In earlier testimony, the FTC pointed to the way Microsoft had made some of the games from another acquisition exclusive to its Xbox console, despite having said beforehand that it would keep them widely available. It claimed Microsoft had the incentive to do the same with Activision’s games.

In the most dramatic evidence presented during the hearing, a lawyer for Microsoft pointed to an email from Sony’s PlayStation chief Jim Ryan reassuring a colleague that the Activision purchase was not likely to lead to its games becoming exclusive to Xbox. In later video testimony shown during the hearing, Ryan said he changed his view after seeing details of the terms Microsoft was proposing, while also growing worried that PlayStation’s customers could be left with “degraded” versions of the games.

Much of the hearing has turned on technical questions about the video games market, with the FTC claiming that Microsoft would have too much power for high-performance game consoles occupied by Xbox and PlayStation, as well as separate markets for multi-game subscription services and cloud streaming.

Microsoft, by contrast, has sought to paint itself as the third-biggest player in a larger console market that also includes Nintendo’s Switch. Also, rather than separate markets, it claims that its Game Pass subscription service is merely an alternative way to pay for games, while cloud streaming is only a feature of console gaming.

Challenging Nadella, a lawyer for the FTC pointed to comments he had made during an earnings call about the success of the latest Xbox console. The agency also made mention of his predictions about the future importance of cloud-based gaming. Nadella, however, said that there had been little demand to stream video games and that his definition of cloud services included Xbox Live, which makes it possible to play with other people through the console.

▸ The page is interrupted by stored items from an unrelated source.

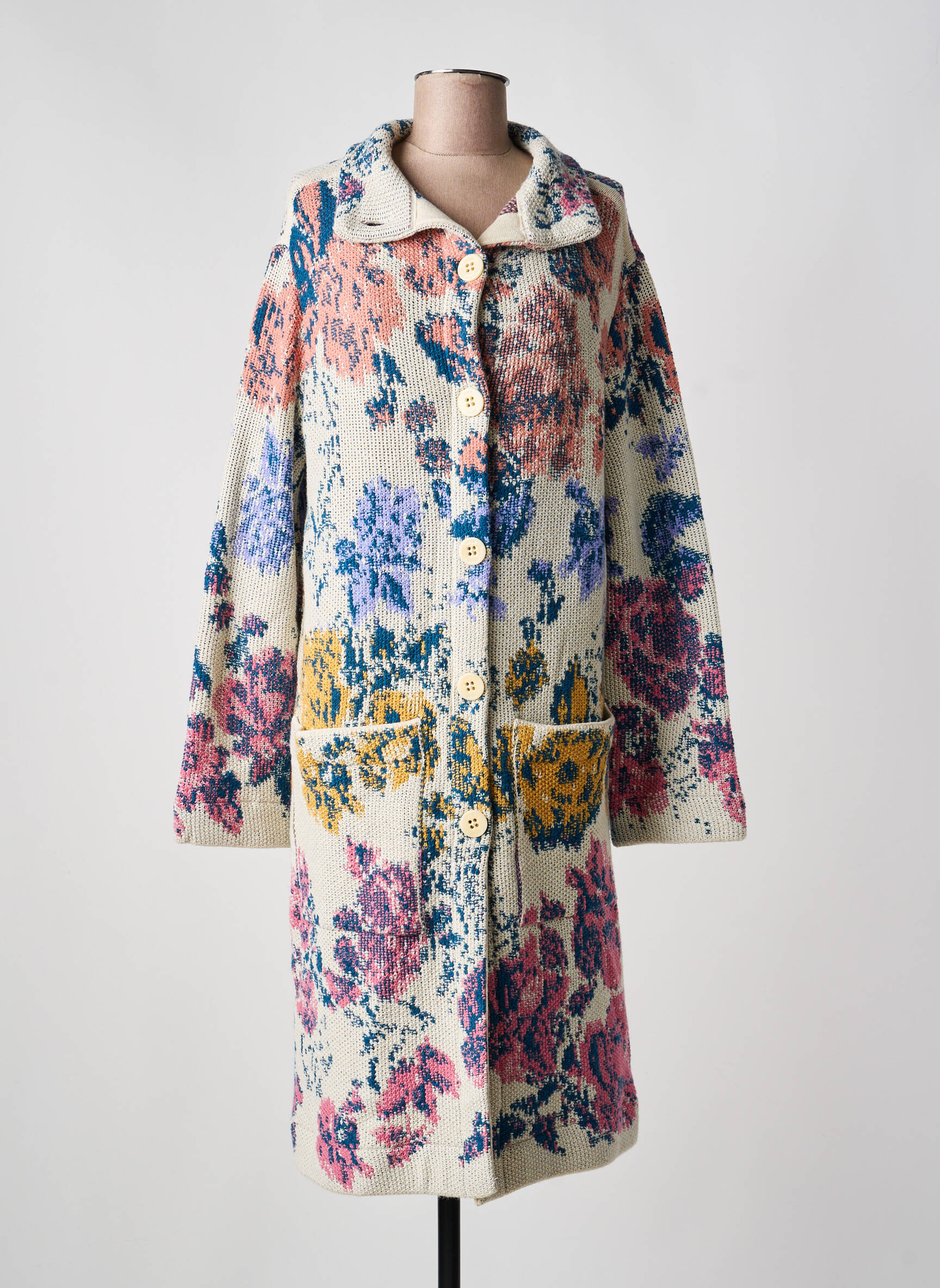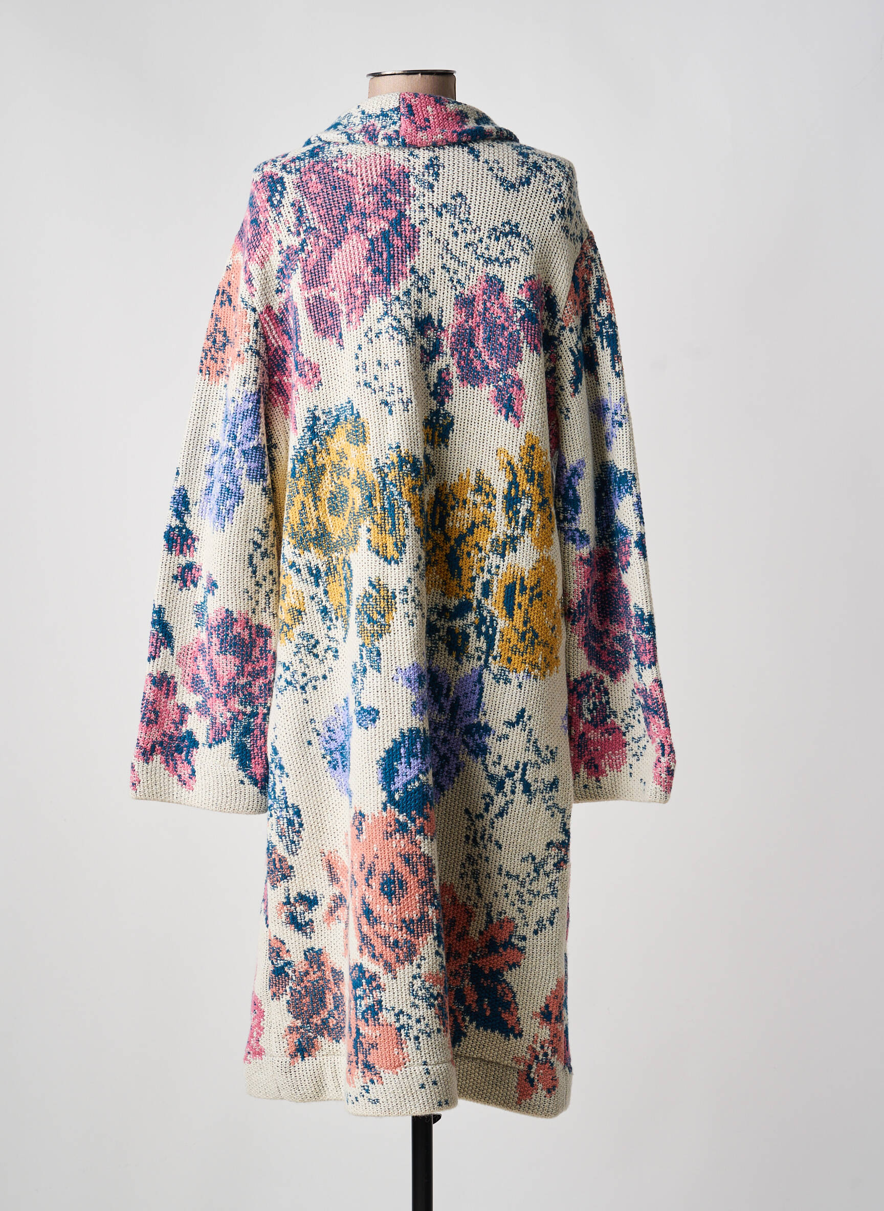 Ce manteau se marie parfaitement avec un jean brut ou un pantalon uni pour laisser toute la place à son motif coloré. Pour un look plus habillé, optez pour une robe sobre et des bottines unies qui mettront en valeur l’originalité du manteau. Un sac à main discret et une écharpe aux teintes neutres viendront compléter l’ensemble sans surcharger la silhouette, pour une allure élégante au quotidien.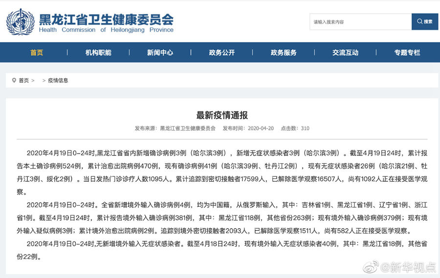 4月19日黑龍江省新增境外輸入確診病例4例 省內新增確診病例3例-新華網(wǎng)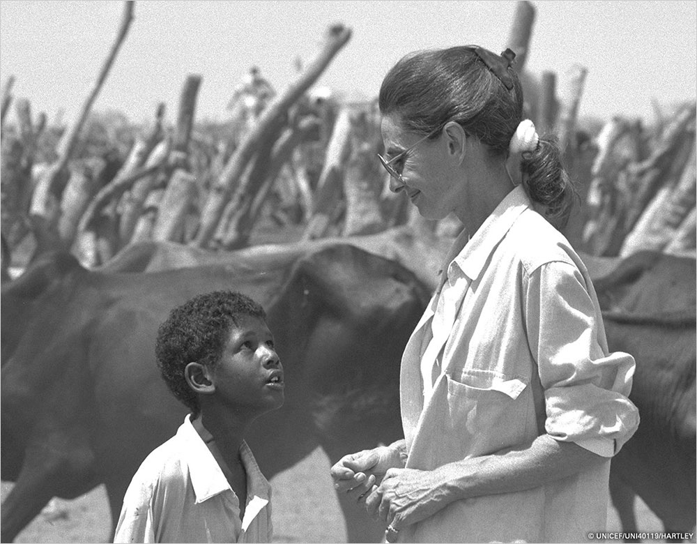 유니세프 대사로서 인권운동과 자선 활동에 참여하고 제삼 세계의 오지 마을을 방문하여 아이들을 돌보며 미소짓는 헵번은 노년에도 불구하고 빛나는 아름다움을 보여주었다. 암 투병 중이던 1992년에도 그는 소말리아를 방문하여 봉사활동에 참여했다.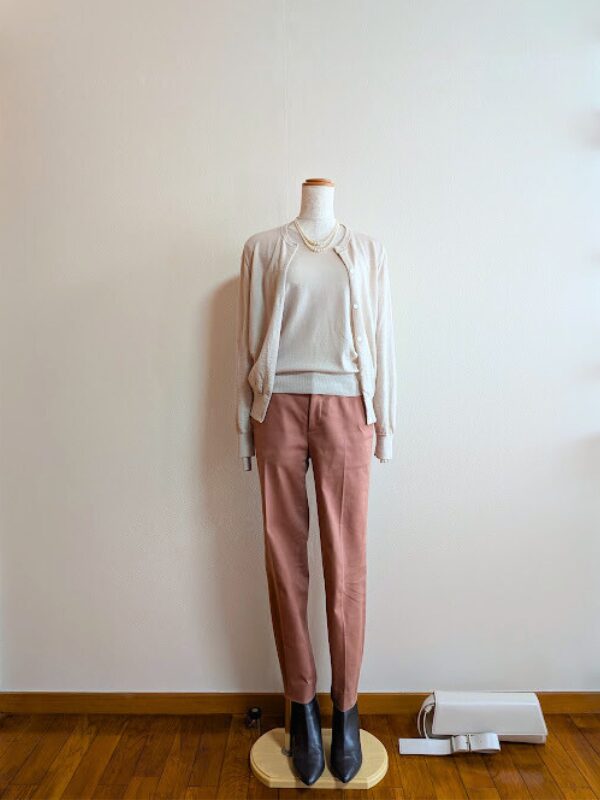 ライトベージュカーディガン+ピンクパンツ

In evidence filed as part of the case, one Microsoft executive singled out games streaming as a market the company stood to dominate.

“It is practically impossible for anyone to start a new video streaming service at scale at this point,” Matt Booty, head of Xbox Games Studios, wrote to a colleague in 2019, more than two years before the Activision deal was announced. Making the case for the software company to spend heavily to cement its lead in streaming, he added: “We are in a very unique position to be able to go spend Sony out of business.”

Despite that, backers of the deal have shown mixed support for the subscription-based streaming of games. Bobby Kotick, chief executive of Activision, said in court that such services, which give players access to a library of games for a flat price, “degrade the economics” of games.

Pointing to the losses stemming from Hollywood’s streaming video wars, he added: “I have a general aversion to the idea.”